The van der Schaar Lab’s 2021 open house took place on October 15 as a by-invitation event for collaborators and sponsors. Mihaela van der Schaar and members of the lab presented a cohesive vision for machine learning for healthcare, while demonstrating how this vision is already becoming reality through a range of world-leading research projects.
The full three-hour event consisted of 10 mini-seminars (under 10 minutes) given by lab members, focusing on projects or areas grouped around three broad themes: challenge, growth, and impact.
All 10 mini-seminars (as well as Mihaela’s introductory presentation) are provided in full below, along with links to any reference material. The Q&A/discussion breaks between sessions are not included.
The mini-seminars are provided in chronological order on this page, or you can jump to a specific video using the menu below. You can also view all videos as a single YouTube playlist here.

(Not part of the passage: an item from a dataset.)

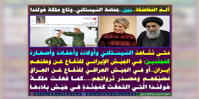 [أَلَــمُ المُفَاضَلَة..بَيْنَ..عِمَامَةِ السِّيسْتَانِيّ..وَتَاجِ مَلِكَةِ هُولَنْدا] مَتَى نُشَاهِدُ السِّيسْتَانِيَّ وَأَوْلَادَهُ وَأَحْفَادَهُ وَأَصْهَارَهُ كَمُجَنَّدِينَ؛ فِي الجَيْشِ الإِيرَانِيّ لِلدِّفَاعِ عَن وَطَنِهِم إيرَان..أَو فِي الجَيْشِ العِرَاقِيِّ لِلدِّفَاعِ عَن العِرَاق مُضَيِّفِهِم وَمَصْدَرِ ثَرَوَاتِهِم….كَمَا فَعَلَت مَلِكَةُ هُولَنْدَا الَّتِي التَحَقَت كَمُجَنَّدَةٍ فِي جَيْشِ بِلَادِهَا

Introduction (Mihaela van der Schaar)
In this short introductory presentation Mihaela van der Schaar outlines the lab’s ongoing vision and research focus, shares some key resources and reference material, and explains our ongoing focus on using engagement to help build the future of ML for healthcare.
– Publications page
– Engagement sessions – Inspiration Exchange and Revolutionizing Healthcare
– Video tutorial series on ITE inference
– ICML 2020 tutorial, and ICML 2021 tutorial
– Impact page
– Software page, GitHub repo, and PyPi project page
Session 1 – challenge
This section focuses specifically on projects we feel are turning existing thinking on its head, challenging established wisdom, and leading the field.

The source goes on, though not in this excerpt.